How to Have Enough Money for Retirement

More than 10,000 economists converged last month on Philadelphia (where Ben Franklin's bronze likeness idles on a bench on the Penn campus) for the American Economic Association's annual meeting. Several papers on retirement strategy were presented.

If you were to read through the papers on retirement income that were presented at the American Economic Association’s meeting last month in Philadelphia, you’d come away with a good sense of what it takes to accumulate enough money for a secure old age.

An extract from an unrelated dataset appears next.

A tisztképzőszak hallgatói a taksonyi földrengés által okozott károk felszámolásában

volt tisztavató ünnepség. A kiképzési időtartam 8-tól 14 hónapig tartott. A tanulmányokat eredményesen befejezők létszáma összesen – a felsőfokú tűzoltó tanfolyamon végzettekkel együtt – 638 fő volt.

You need to do at least three of the following: Stay healthy, work longer, postpone Social Security, take a little more market risk, inherit money from your relatives, or buy an annuity that insures you against the chance that you might live beyond age 85.

Summaries of a few of the retirement-related papers that were presented at the meeting appear below. These papers are based on analyses of data sets such as TIAA participant history, Chilean defined contribution participant data, mathematical modeling of annuity benefits, and U.S. government surveys.

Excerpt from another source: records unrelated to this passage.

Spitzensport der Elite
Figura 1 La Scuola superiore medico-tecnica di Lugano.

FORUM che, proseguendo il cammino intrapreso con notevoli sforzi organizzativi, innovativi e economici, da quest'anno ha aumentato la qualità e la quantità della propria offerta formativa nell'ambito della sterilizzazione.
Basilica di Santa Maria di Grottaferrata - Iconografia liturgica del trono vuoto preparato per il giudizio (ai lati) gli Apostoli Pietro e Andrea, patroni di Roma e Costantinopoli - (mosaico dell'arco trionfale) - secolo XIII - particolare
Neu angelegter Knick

In short, academics continue to validate common sense and to measure what hides in plain sight. In a perfect world, their efforts might be superfluous or redundant. But, in the world we inhabit, relatively few individuals or institutions heed their warnings. So the work goes on.  

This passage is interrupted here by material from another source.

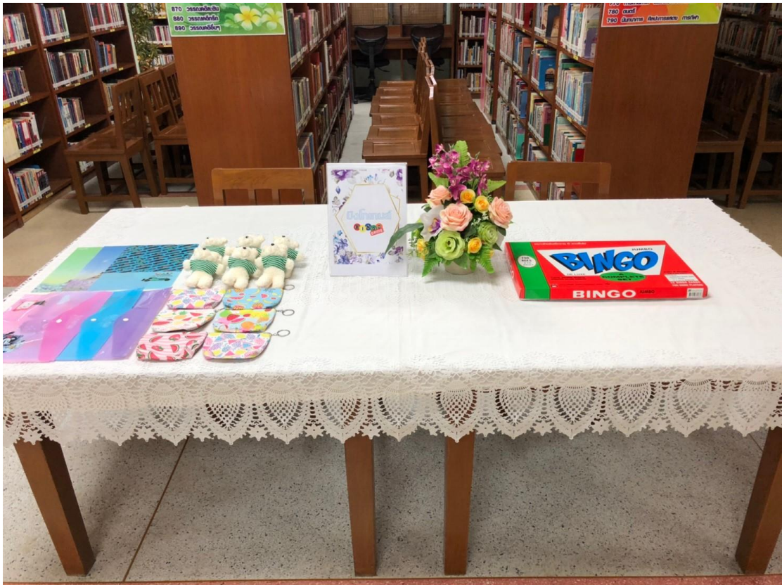
กิจกรรม “บิงโกเกม”

The value of longevity income annuities as 401(k) defaults

The search for a way to add a retirement income component onto defined contribution (DC) plans started at least 20 years ago, when the decline of defined benefit plans became obvious.

In “Putting the Pension Back in 401(k) Retirement Plans, Optimal versus Default Longevity Income Annuities,” Vanya Horneff, Raimond Maurer and Olivia Mitichell suggest that many U.S. retirees would be much better off if part of their qualified savings were defaulted into a annuity with income delayed until age 80 or 85.

Back in 2014, the U.S. Treasury cleared the way for this innovation by creating qualified longevity annuity contracts, or QLACs. This change in the tax code allows savers to apply up to 25% (or $125,000, if less) of their tax-deferred IRA or 401(k) savings to the purchase of an annuity whose payout could begin anytime between age 71 and age 85.     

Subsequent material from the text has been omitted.